Approximation of function

• Apr 3rd 2009, 08:46 PM
h2osprey
Approximation of function
An inner product <f,g> is defined as the integral from -1 to 1 of f(x)g(x).

Given an orthonormal basis for the set of polynomials of degree less than or equal to 2, i.e.,

w1 = (rt 2)/2,
w2 = (rt 6)/2,
w3 = [(x^2 - 1/3) 3(rt10)] / 4,

Find the polynomial of degree at most two which is closest to sin (pi x).

I tried to minimize the norm of v - a linear combination of w1, w2 and w2, and I arrived at the answer 3/pi, which seems wrong. I checked my answer using an approximation through taylor series and as expected I obtained pi.

I can't figure out where I went wrong - all the integration seems to be correct; any help would be much appreciated. Thanks!
• Apr 3rd 2009, 09:31 PM
CaptainBlack
Quote:

Originally Posted by h2osprey
An inner product <f,g> is defined as the integral from -1 to 1 of f(x)g(x).

Given an orthonormal basis for the set of polynomials of degree less than or equal to 2, i.e.,

w1 = (rt 2)/2,
w2 = (rt 6)/2,
w3 = [(x^2 - 1/3) 3(rt10)] / 4,

Find the polynomial of degree at most two which is closest to sin (pi x).

I tried to minimize the norm of v - a linear combination of w1, w2 and w2, and I arrived at the answer 3/pi, which seems wrong. I checked my answer using an approximation through taylor series and as expected I obtained pi.

I can't figure out where I went wrong - all the integration seems to be correct; any help would be much appreciated. Thanks!

1. Check you basis, as what you have given is not an orthonormal basis for your desired space.

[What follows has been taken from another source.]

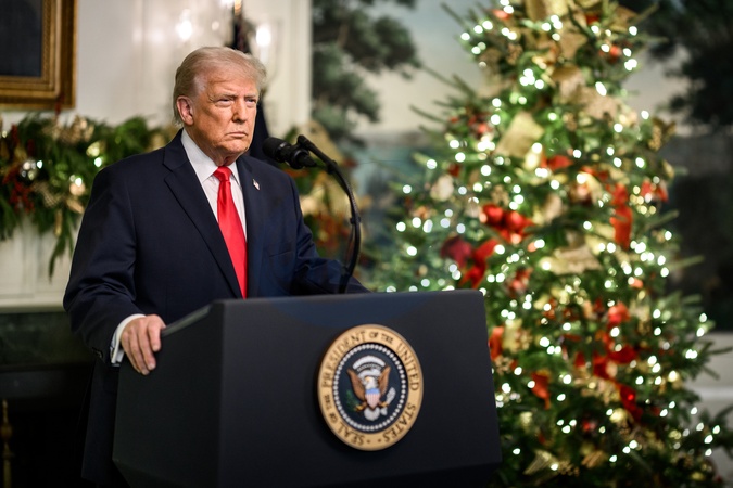 President Donald Trump addresses the nation, Wednesday, December 17, 2025, from the Diplomatic Reception Room of the White House., Credit:Daniel Torok / Avalon
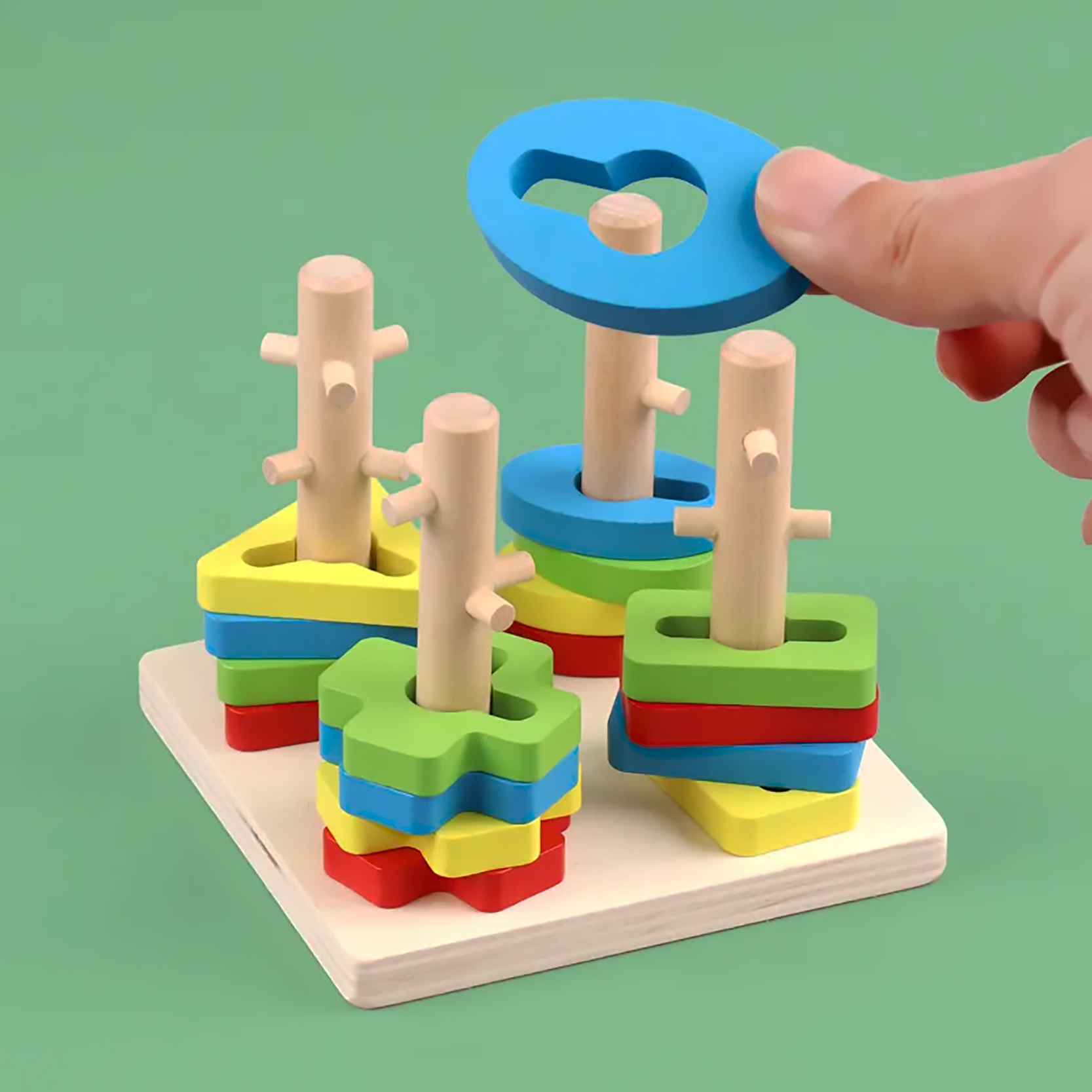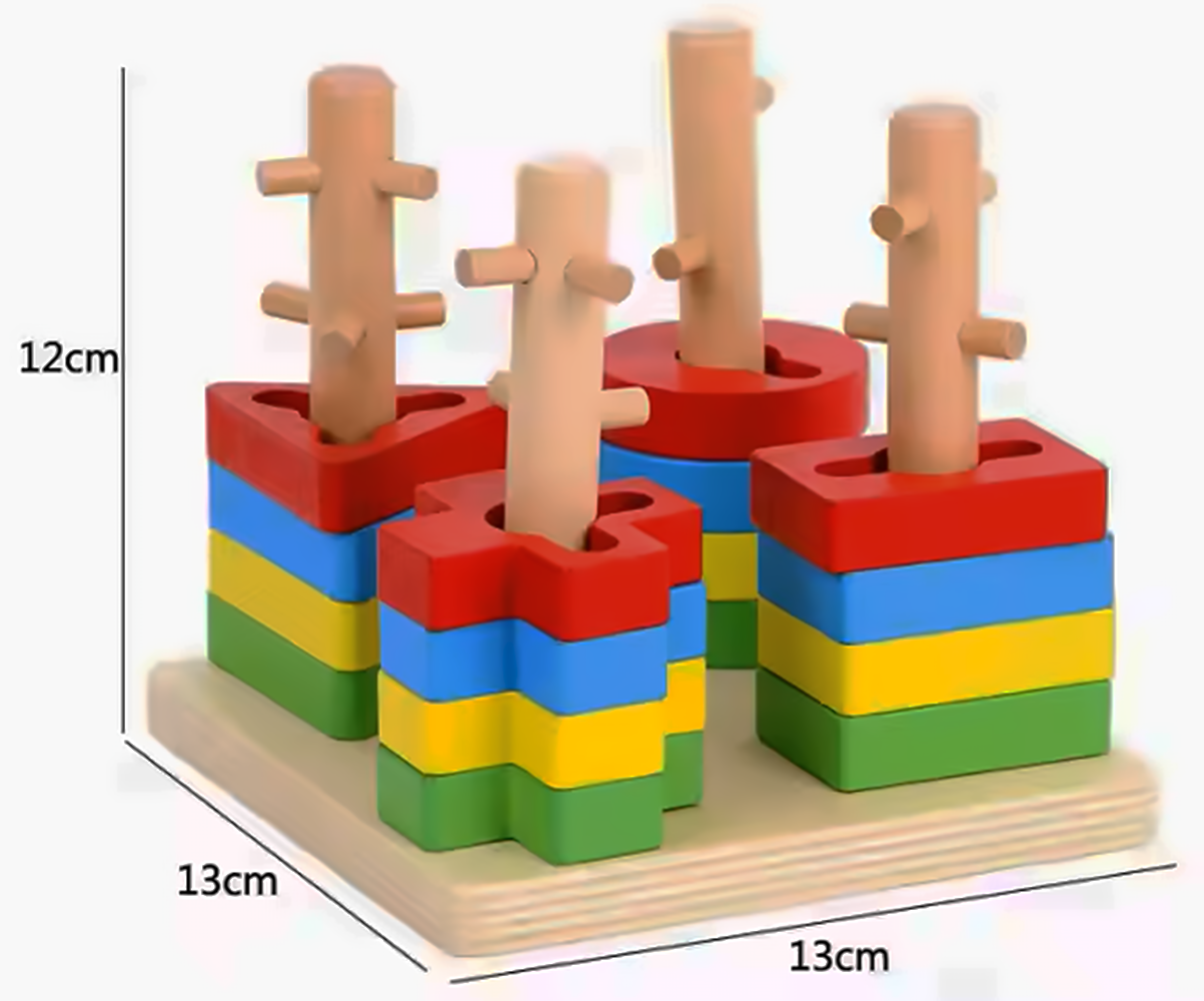 Ajuta la exersarea abilitățile motorii fine ale mainii copilului, dobandind precizie in plasarea micilor blocuri de lemn de diferite forme pe coloane in asocierea si potrivirea formelor sau conceptelor, ajută la identificarea și distingerea formelor și culorilor.

2. When you have the right basis your approximating polynomial for $\displaystyle f(x)$ should be:

$\displaystyle P(x)=\langle w1,f\rangle w_1(x) + \langle w2,f\rangle w_2(x) + \langle w3,f \rangle w_3(x)$

CB
• Apr 3rd 2009, 09:33 PM
h2osprey
Sorry, w2 should be (rt 6)x / 2. That should be orthonormal, right?
• Apr 3rd 2009, 09:54 PM
CaptainBlack
Quote:

Originally Posted by h2osprey
Sorry, w2 should be (rt 6)x / 2. That should be orthonormal, right?

Yes

CB
• Apr 3rd 2009, 10:34 PM
CaptainBlack
Quote:

Originally Posted by h2osprey
An inner product <f,g> is defined as the integral from -1 to 1 of f(x)g(x).

Given an orthonormal basis for the set of polynomials of degree less than or equal to 2, i.e.,

w1 = (rt 2)/2,
w2 = (rt 6)/2,
w3 = [(x^2 - 1/3) 3(rt10)] / 4,

Find the polynomial of degree at most two which is closest to sin (pi x).

I tried to minimize the norm of v - a linear combination of w1, w2 and w2, and I arrived at the answer 3/pi, which seems wrong. I checked my answer using an approximation through taylor series and as expected I obtained pi.

Taylor series are no guide here, the will give a best point approximation, this process will give you the best approximation on an interval with respect to the norm implied by the inner product.

What you can say without any computation is that as $\displaystyle w_1$ and $\displaystyle w_3$ are even functions (and we are working with the interval $\displaystyle [-1,1]$ and the usual inner product) that their coefficients in the expansion of $\displaystyle \sin(\pi x)$ will be zero. So your approximation will be:

$\displaystyle P(x)=\langle w_2,g \rangle w_2(x)$

where $\displaystyle g(x)=\sin(\pi x)$

The attachment shows a plot of the function and the fitted polynomial (line).

CB
• Apr 3rd 2009, 11:17 PM
h2osprey
Ah, I see what you mean, thanks for clearing all that up!